19.8.08

Etourdissement

Il y eut d'abord l'idée de s'élever. Prendre de la hauteur.
Paris, au ras du sol, devient, certain jour, insuffisante, trop étriquée par toutes ses lignes droites, ses espaces confinés, sa géométrie parfaite. Parfaitement incomplète. Regarder Paris d'en bas manque, parfois, d'horizon, à vous faire manquer d'air. Dans ces instants là, bien que la ville soit belle, on la trouve déprimante, trop grise; trop triste; trop bruyante. Le panorama qui s'offre à nous, pourtant, tout au long de l'année, de notre appartement, chaque matin, chaque jour, chaque nuit, est pourtant une bénédiction. Pourtant, voir Paris du 18ème étage, au travers des vitres légèrement teintées, donne l'impression de la voir sur un écran de télévision, de cinéma à la limite pour le côté cinémascope. Il manque quelque chose.
Depuis quelques temps, en passant près des Tuileries, je voyais le scintillement de la grande roue qui me faisait envie. Allez savoir pourquoi maintenant, alors qu'elle se dresse là tous les ans. Je ne suis pas fan du matériel de foire qui peuple les fêtes foraines. Le Sage E. me demande depuis des années à faire le grand tour de la grande roue, pour admirer Paris comme jamais à aucun autre endroit. J'ai toujours rechigné par peur. Vertige, la vitesse, l'inconnu, la fragilité apparente ou supposée de ses structures de fer.
Dimanche, passant par les bruyantes et poussiéreuses allées des Tuileries, j'observais la grande roue qui me préoccupait depuis quelques jours. Le ciel était beau. Bleu intense, zébré de gros nuages blancs, apportant une luminosité particulièrement belle. L'envie de prendre l'air, quitter la terre ferme, s'élever, voir autrement. L'envie s'est faite pressante. Le Sage E. n'a pas dû en revenir quand j'ai soumis l'idée.
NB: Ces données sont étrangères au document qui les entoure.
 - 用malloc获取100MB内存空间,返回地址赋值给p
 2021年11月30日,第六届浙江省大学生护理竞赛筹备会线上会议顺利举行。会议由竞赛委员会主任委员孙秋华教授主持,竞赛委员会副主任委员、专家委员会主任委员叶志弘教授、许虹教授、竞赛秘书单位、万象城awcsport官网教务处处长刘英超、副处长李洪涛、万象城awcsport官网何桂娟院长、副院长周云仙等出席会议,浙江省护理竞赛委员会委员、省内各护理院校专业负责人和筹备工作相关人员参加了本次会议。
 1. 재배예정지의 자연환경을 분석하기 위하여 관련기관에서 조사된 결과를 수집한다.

Les billets en poche pour le premier ciel, nous nous sommes installés dans une nacelle. Étrange sensation d'instabilité sous les pieds lorsqu'il a fallu monter dedans. Tout aussi étrange sensation quand le vent a commencé à la secouer gentiment. L'élévation s'est faite progressivement et lentement comme pour me préparer sereinement. Au fur et à mesure que le sol s'éloignait, Paris étalait ses toits gris dans un désordre agréable. Ses monuments se détachaient loin au dessus, fiers de leur importance. D'abord, la Tour Eiffel, immanquable. Le sommet des églises pointaient rebellement leur croix. Les formes arrondies de l'opéra Garnier brillaient de tous leurs ors. Un dédale de toits et de fenêtres sous un ciel clair. Au sommet de la roue, Paris s'étalait à mes pieds.
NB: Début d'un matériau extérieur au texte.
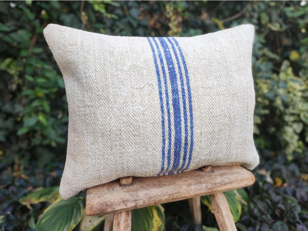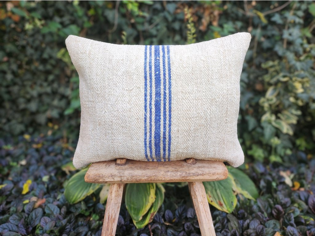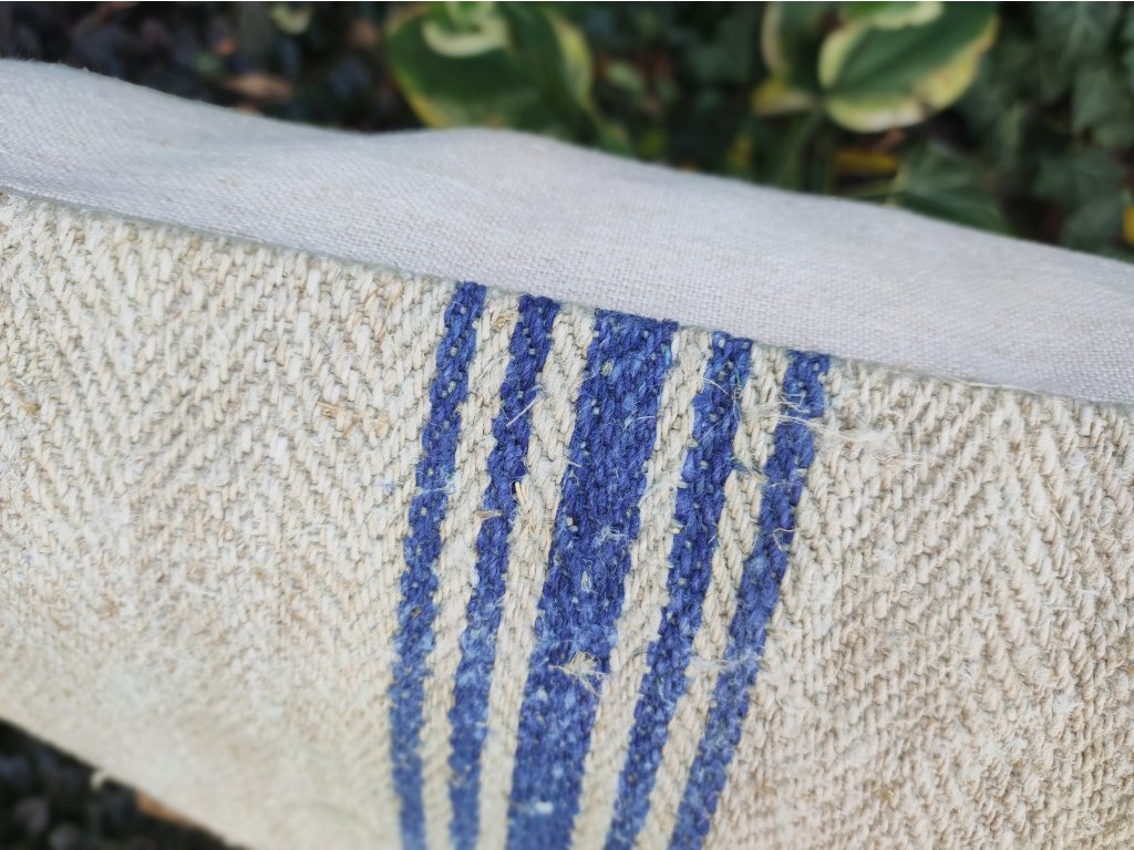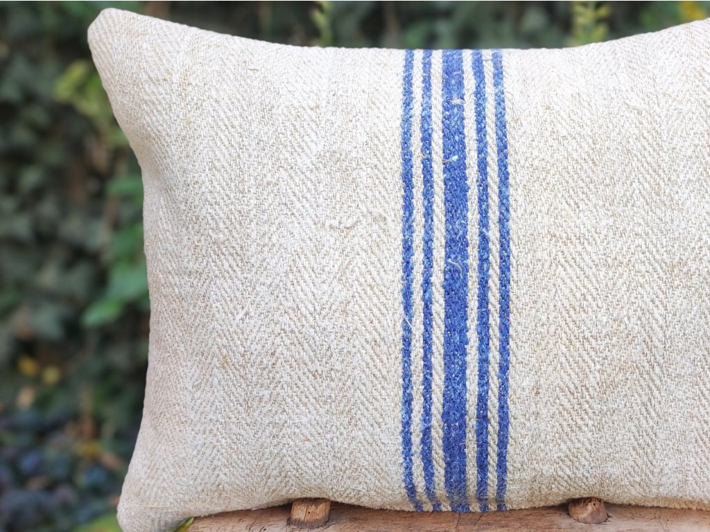 A középkék csíkozás finoman idézi a régi paraszti textíliák hangulatát, miközben a hátsó panel régi lenvászonból készült, hogy minden részlete természetes és időtálló legyen.

La tête me tournait un peu, légèrement étourdi par le vertige. Légèrement étourdi mais la sensation était agréable. Le moment où nous atteignions le sommet et que déjà nous redescendions me provoquait à chaque fois une petite sensation délicieuse dans le bas ventre. Le Sage se chargeait de tourner la nacelle, lentement, pour qu'on puisse avoir une vue à 180 degrés. Les bruits de circulation, les cris de la foule nous parvenaient étouffés, comme si une balle de coton étouffait tous les sons venant du sol. Quelques pigeons, effarouchés par notre intrusion dans leur élément, virevoltaient autour de nous. Je me suis dit, à ce moment là, que je devais avoir à cet instant précis la vision quotidienne de toute la faune à plumes de la capitale. Je les enviais un peu pour cela. Pas très longtemps, non plus.
Les dix minutes de ce tour m'ont paru durer une belle éternité. J'aurais voulu que ça dure encore. Mais six euros ne dépassent pas dix minutes dans les airs. Les jambes cotonneuses, nous avons repris pied sur la terre ferme. L'impression de confinement parisienne qui m'emprisonnait depuis quelques temps (depuis notre retour de vacances quand j'y repense), avait disparu. En prenant de la hauteur, j'ai pu me réapprivoiser à la ville. Et le reste de l'après midi, à déambuler du côté des Halles, a été un beau moment de balade, comme je les aime tant, dans ma ville, à Paris.